Baca berita dengan sedikit iklan, klik di sini
MANAJEMEN PT Kemilau Bintang Timur baru saja merampungkan presentasi, Rabu sore pekan lalu. Di depan tim juri, salah satu calon investor PT Dipasena Citra Darmaja ini mendedahkan rencananya mengelola perusahaan tambak udang raksasa di Lampung itu, jika mereka keluar sebagai pemenang tender.
Semula mereka yakin benar tak bakal jadi pecundang. Namun keyakinan ini berangsur surut ketika malam harinya bertiup kabar: Kemilau tak lolos seleksi akhir presentasi proposal teknis pengelolaan perusahaan udang eks milik Sjamsul Nursalim itu.
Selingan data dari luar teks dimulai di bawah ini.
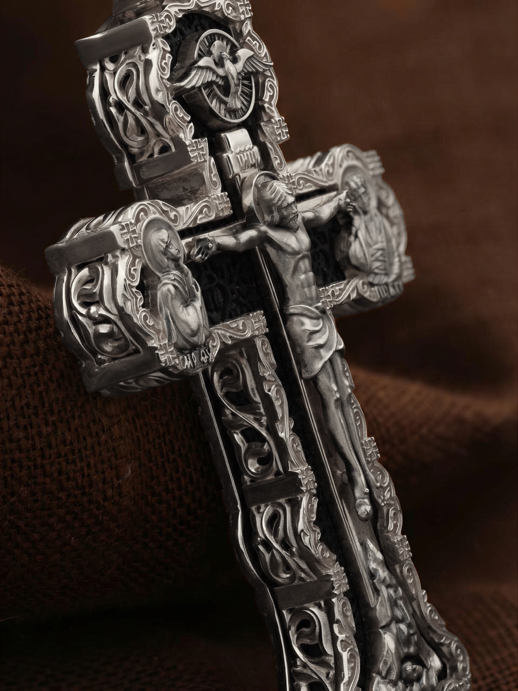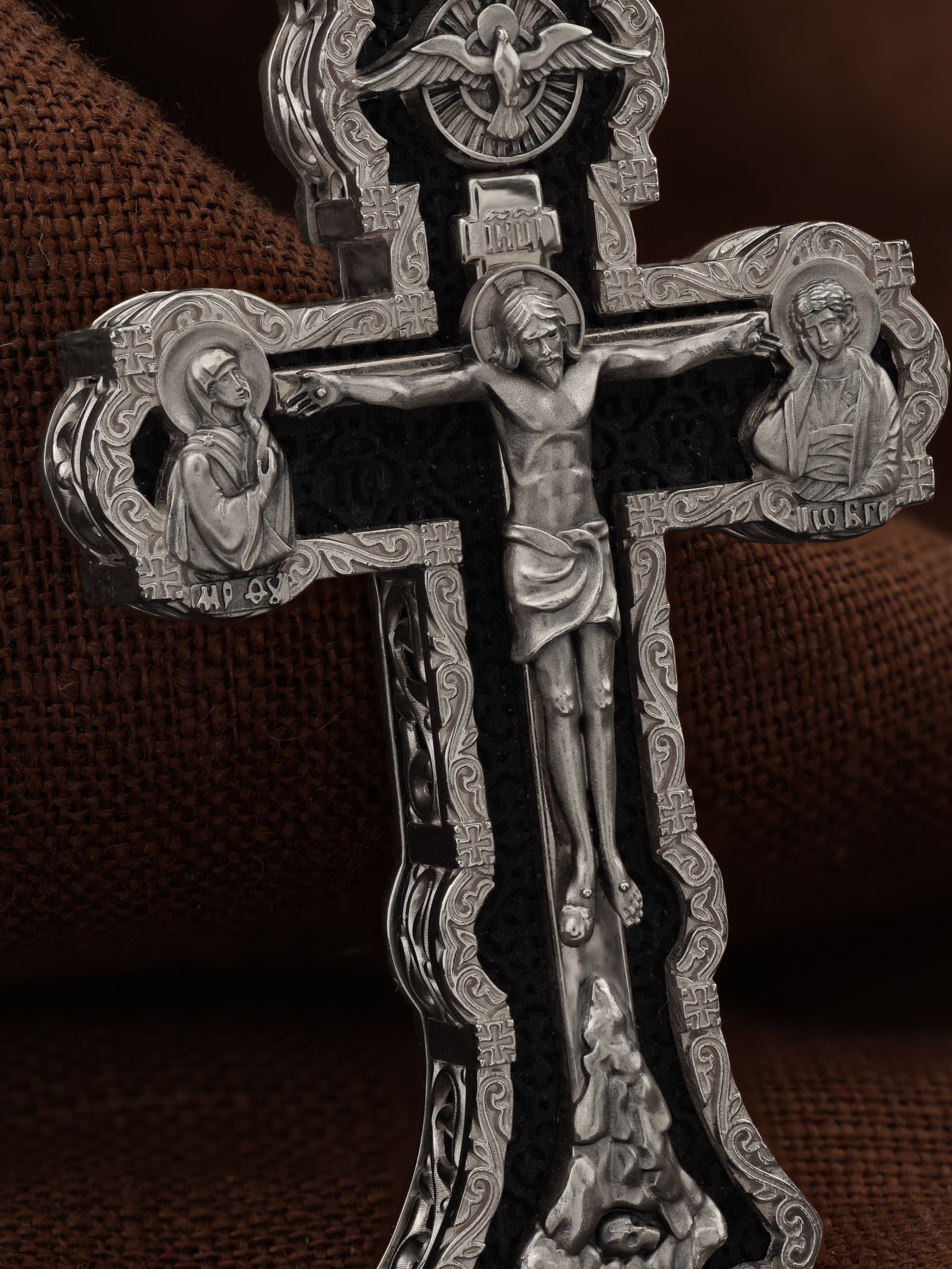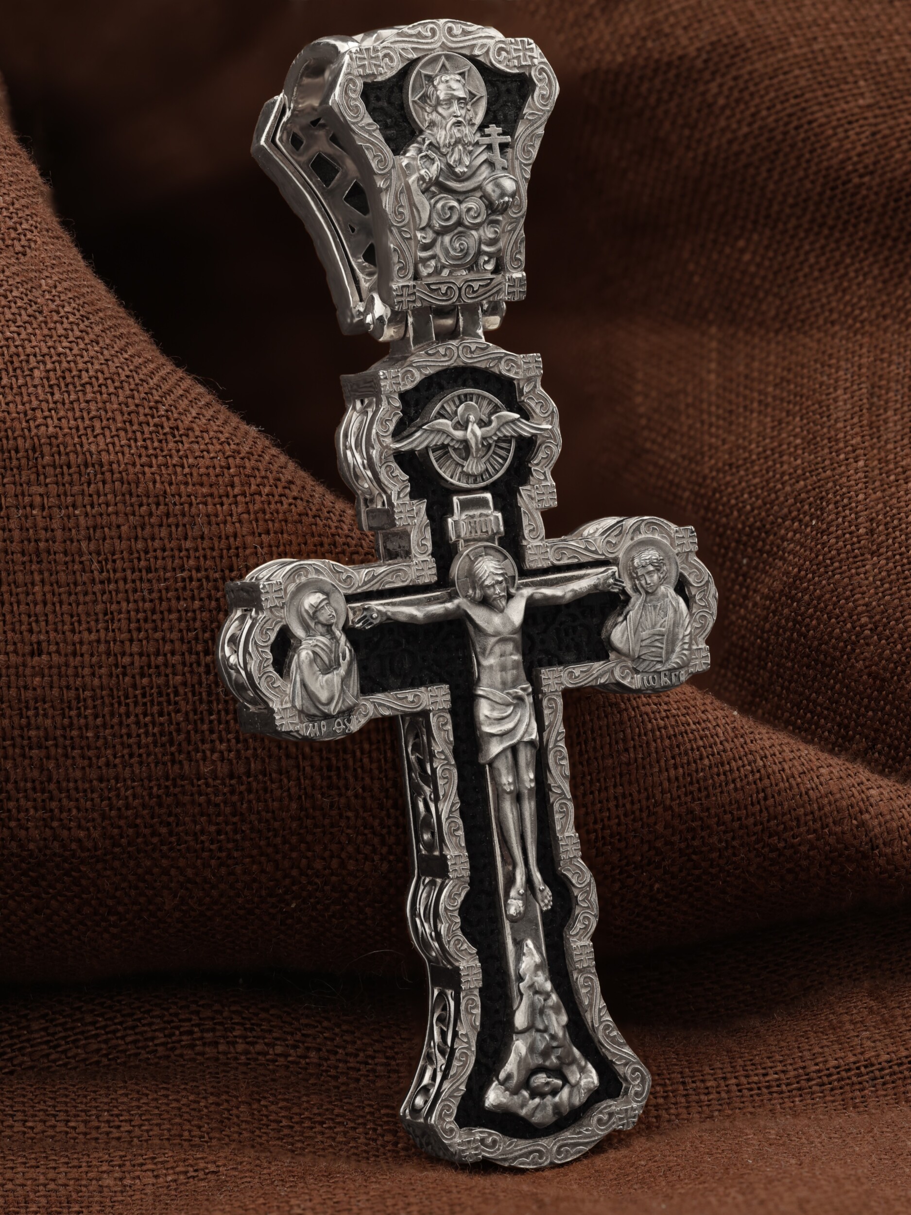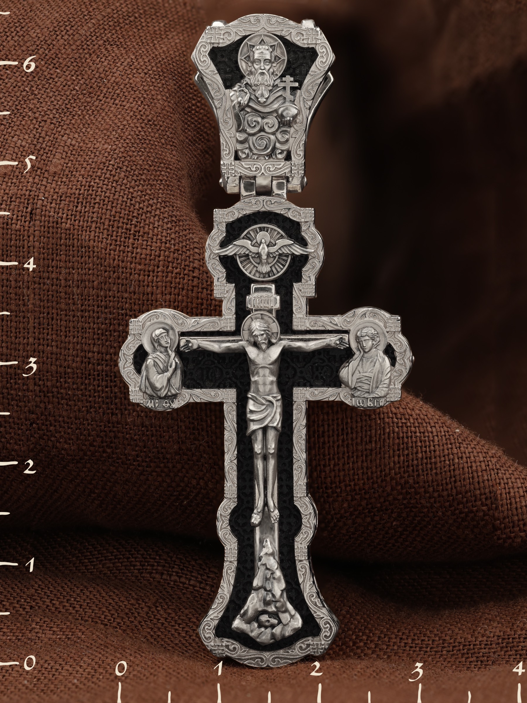 На лицевой стороне креста изображено Распятие Господа и Спасителя нашего Иисуса Христа. Христос, подвергнутый на кресте мучительной казни, своими страданиями искупил нас от древнего греха и даровал нам жизнь вечную. Без Распятия не было бы Воскресения Христова, и поэтому Крест из орудия казни обратился в святыню, в которой действует Благодать Божия. Через крестную жертву Бог раскрывает нам Свою безмерную любовь и призывает к ответной любви. На верхней табличке, выше головы Иисуса, расположена надпись, составленная Понтием Пилатом на трех языках — «IНЦI». Она означает «Иисус Назорей, Царь Иудейский». Надпись «IС ХС» означает Иисус Христос и помещается на разных сторонах поперечной (большой) перекладины креста. Крест стоит на горе камней, символизирующих Голгофу. В ее основании различается череп– это голова Адама. У Креста стоят оплакивающие Господа Божия Матерь и апостол Иоанн Богослов. Из всех апостолов об одном лишь Иоанне Богослове говорится, что он стоял на Голгофе у креста Спасителя, не заботясь о собственной безопасности. Он услышал обращенные к Ней с высоты Креста слова Распятого Господа: «Жено, се сын Твой» и к нему: «Се Мати твоя». С этого времени Иоанн взял Матерь Божию к себе, и Она жила в его доме до самой смерти. Над Распятием — изображение Духа Святого в виде голубя, сходящего с Небес. На кулонном кольце изображен Бог Отец.

Benar saja, esoknya sebuah pengumuman terpampang di situs PT Perusahaan Pengelola Aset (PPA)—penyelenggara tender. Pemenangnya adalah konsorsium Neptune, dengan harga penawaran Rp 688 miliar.
Konsorsium Neptune dimotori oleh PT Central Proteinaprima Tbk. (CP Prima), yang disinyalir kepanjangan tangan Charoen Pokphand Group, konglomerasi Thailand. Charoen pernah berniat masuk Dipasena pada Oktober 2005. Namun ketika itu ia dikalahkan Recapital Advisors.
Manajemen Kemilau kontan meradang. ”Kami terkejut,” kata Direktur Kemilau Heru Cahyono. ”Sebab, penawaran kami jauh lebih tinggi.” Harga yang diajukannya Rp 832 miliar. Masalahnya, kata seorang komisaris Kemilau, amplop harga penawaran mereka tak pernah dibuka.
Setelah ditelusuri pangkal soalnya, Kemilau memang tak lolos seleksi akhir. Itu sebabnya harga penawarannya tak dilirik lagi. ”Kami merasa dijegal,” kata Heru. Sebab, selain sudah mengantongi surat kesepakatan bersama dengan para petambak udang, masalah pendanaan pun tak jadi soal buat Kemilau.
Dua raksasa keuangan asal Amerika Serikat, JP Morgan dan Matlin Patterson, sudah menyatakan komitmennya untuk menyuntikkan dana sedikitnya Rp 1,7 triliun ke Dipasena. Pendanaan Kemilau pun ditopang oleh Fund Asia, yang dimotori Robby Djohan dan Hendro Martowardojo, kakak Agus Martowardojo, Direktur Utama Bank Mandiri.
Komitmen lainnya, Kemilau sanggup membayar gaji sekitar 8.000 karyawan Dipasena pada akhir Mei ini. Untuk menjamin pasokan energi, ia pun telah menggaet Medco Energi. Dengan sederet alasan itu, Kemilau mempertanyakan keputusan PPA. ”Kami legawa menerima kekalahan, asalkan ada penjelasan yang transparan,” ujar komisaris tadi.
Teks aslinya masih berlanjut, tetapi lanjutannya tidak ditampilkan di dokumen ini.